Wing Wah in Baltimore: Cantonese Roasted Meats and Dim Sum
Wing Wah is a Cantonese restaurant on East Joppa Road in Northeast Baltimore that specializes in roasted meats, dim sum, and noodle dishes prepared in the style of Hong Kong establishments. The space operates as a casual counter and table service hybrid, drawing regulars who come for lunch dim sum and families ordering roasted duck and chicken for takeout.
What Wing Wah Actually Is
Wing Wah functions as both a dim sum house during lunch hours and a roasted-meat shop year-round. The kitchen hangs whole ducks, chickens, and pork belly in the front window, a visual marker of its core offering. Unlike pan-Asian casual restaurants that treat Chinese food as one category among many, Wing Wah commits to a single regional tradition. The dining room is small and undecorated, with the focus entirely on execution rather than atmosphere.
Roasted Meats and Dim Sum Pricing
Roasted duck runs $22 to $28 for a half bird, depending on size and current sourcing costs (call ahead to confirm current pricing). A quarter chicken costs $8 to $10; roasted pork belly is $18 to $24. These are prices to take home or eat at one of six tables.
Dim sum is served during lunch, typically 11 a.m. to 2 p.m., with pushcarts rolling through the dining room Tuesday through Sunday. Individual items range from $3 to $7 per steamer basket or plate. Har gow (shrimp dumplings) and siu mai (pork and shrimp dumplings) are the baseline standards; char siu bao (barbecue pork bun) and sticky rice wrapped in lotus leaf are seasonal or variable. A full dim sum lunch for one person typically costs $12 to $18.
Chow mein and chow fun with roasted meat added run $9 to $14. Chicken or pork fried rice is $7 to $9. Rice bowls with roasted meat are $10 to $13. Verify pricing by phone before a visit, as ingredient costs fluctuate.
How Wing Wah Compares to Other Baltimore Chinese Options
Dim sum in Baltimore is scarce and uneven. The Oriental Pearl on Pulaski Highway offers cart service in a larger room with more variety, but the quality of execution at Wing Wah is consistently higher for core items like har gow. If you want extensive dim sum selection and ambiance, Oriental Pearl suits you; if you want excellence in a no-frills setting, Wing Wah is the choice.
For roasted meats, Wing Wah's preparations are more authentic than those at takeout shops that roast as a secondary offering. Peking grill houses elsewhere in the region may offer fancier plating, but they are not present in Baltimore proper. Wing Wah fills that niche alone.
For noodle soups and rice dishes, Wing Wah competes on quality with casual Chinese restaurants across the city, but most other places do not also roast meats on-site, making the combination unusual in Baltimore.
Who It Suits and Who It Does Not
Wing Wah works best for people who know Cantonese food and want to order with intention.

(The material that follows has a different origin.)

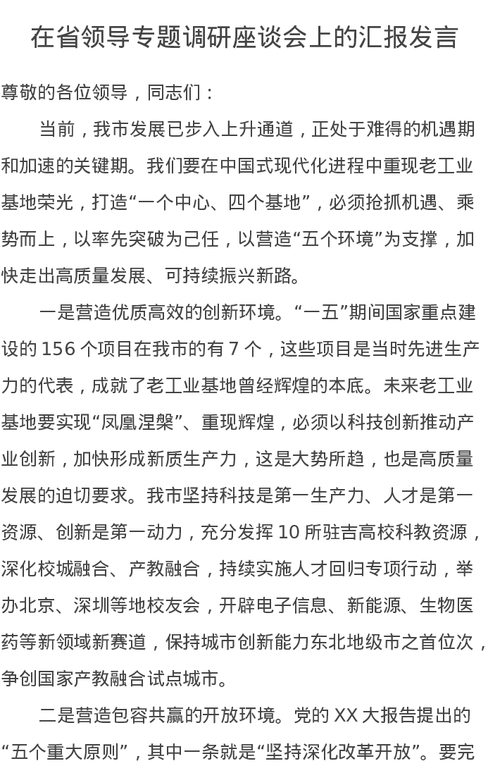 在省领导专题调研座谈会上的汇报发言

First-time visitors or those expecting English-language descriptions on every menu item may find the experience cryptic. Staff speak primarily Cantonese and limited English; ordering by pointing at the kitchen window or at dim sum carts is normal.

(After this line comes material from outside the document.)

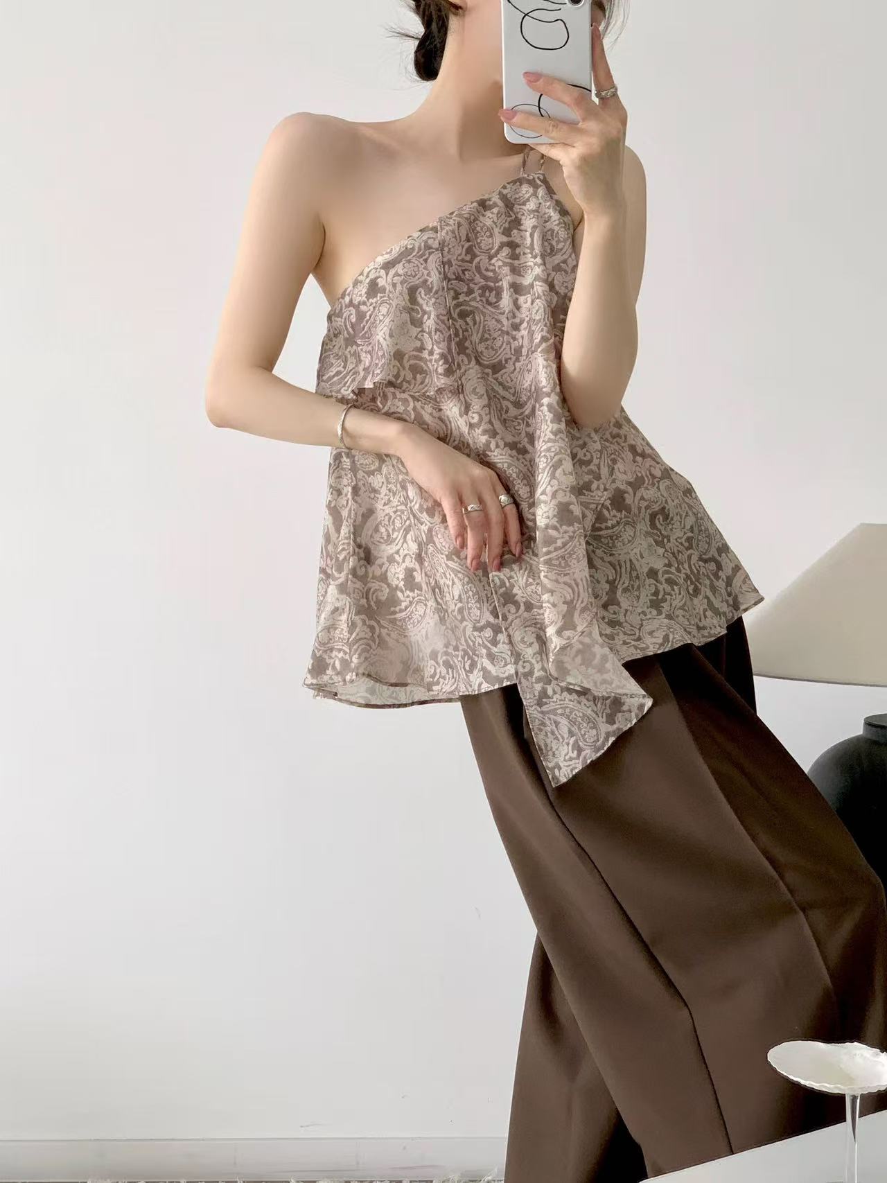 신제품 고전 캐슈 꽃 프릴 비스듬한 襟 불규칙 숄더백 슬립 외출용 여성 여름 휴가 바람 맨위

It suits lunch eaters and people buying roasted meats to take away. It does not suit diners looking for wine pairings, quiet ambiance, or table service with explanation. It does not accommodate large groups; the room seats roughly 20 people.
What the First Visit Involves
Arrive between 11 a.m. and 1:30 p.m. for dim sum. A server will seat you, leave a tea menu, and direct you to pour your own hot water. Dim sum carts will come around; point at what you want. Count your plates at the end; the bill is calculated from the stack. Do not expect menu descriptions. If you cannot read Cantonese characters on a plate, ask "what is this?" or skip it.

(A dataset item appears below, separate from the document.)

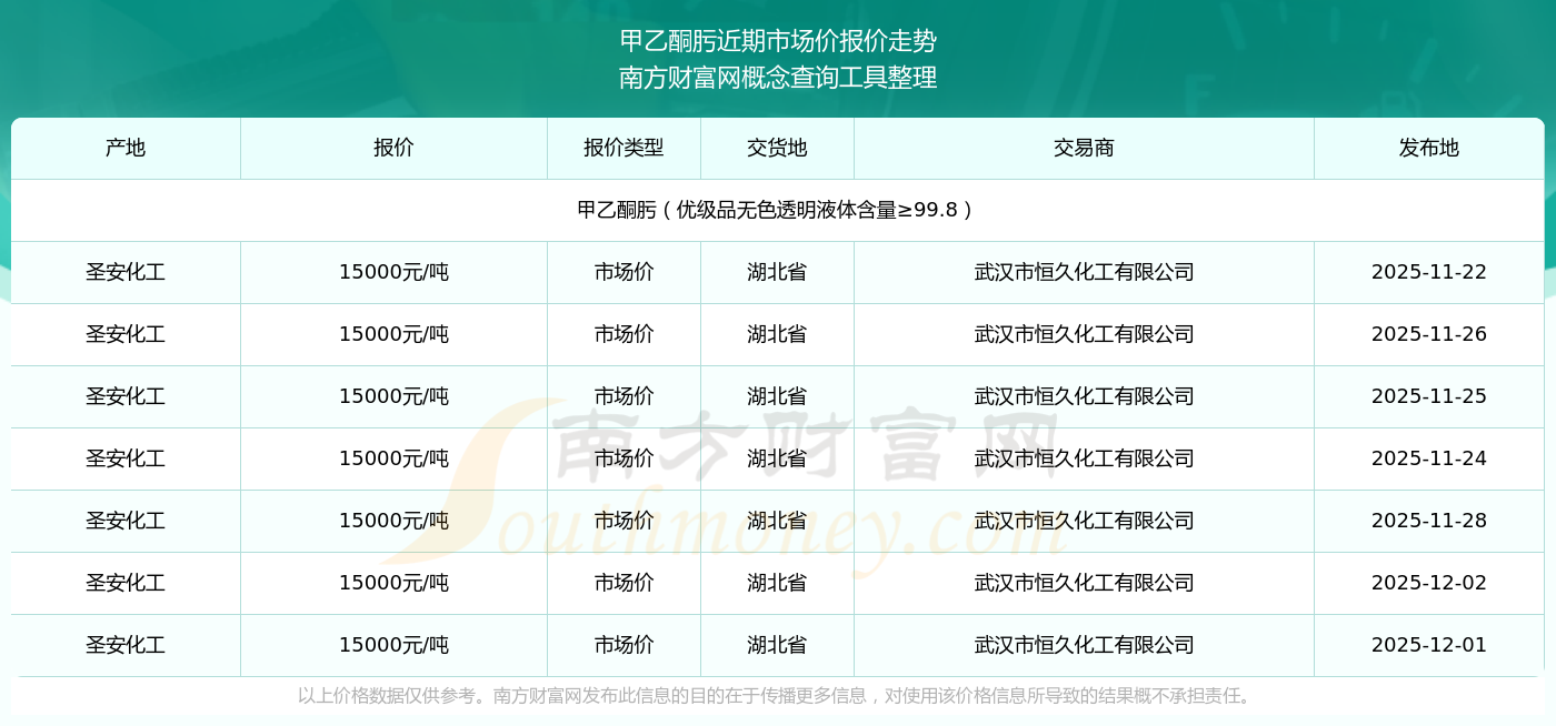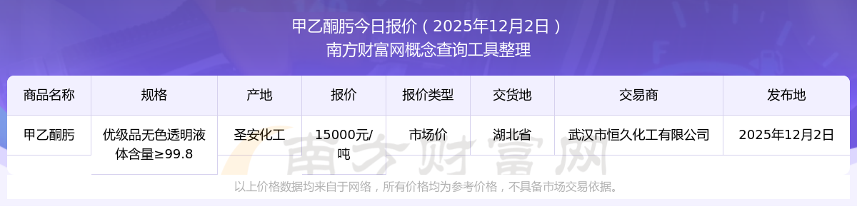 2025年12月2日,甲乙酮肟(優(yōu)級品無色透明液體含量≥99.8)市場價價格為15000.00元/噸,報價人:武漢市恒久化工有限公司,交易地點為湖北省。

For roasted meat, either call ahead to reserve a half or whole bird, or arrive during lunch or dinner and order from what is hanging in the window. Takeout is the primary format; eating in with roasted meat is possible but less common.
Hours, Parking, and Logistics
Wing Wah is open Tuesday to Sunday, 11 a.m. to 9 p.m., with dim sum service ending by 2 p.m. Closed Mondays. Parking is street parking on East Joppa Road and surrounding blocks; a small lot is sometimes available behind the building. Call 410-662-3388 to confirm dim sum availability on the day you plan to visit and to reserve roasted birds.
Wing Wah remains one of the only places in Baltimore where dim sum service and whole roasted meats meet authentic Cantonese technique, making it necessary for anyone serious about the food.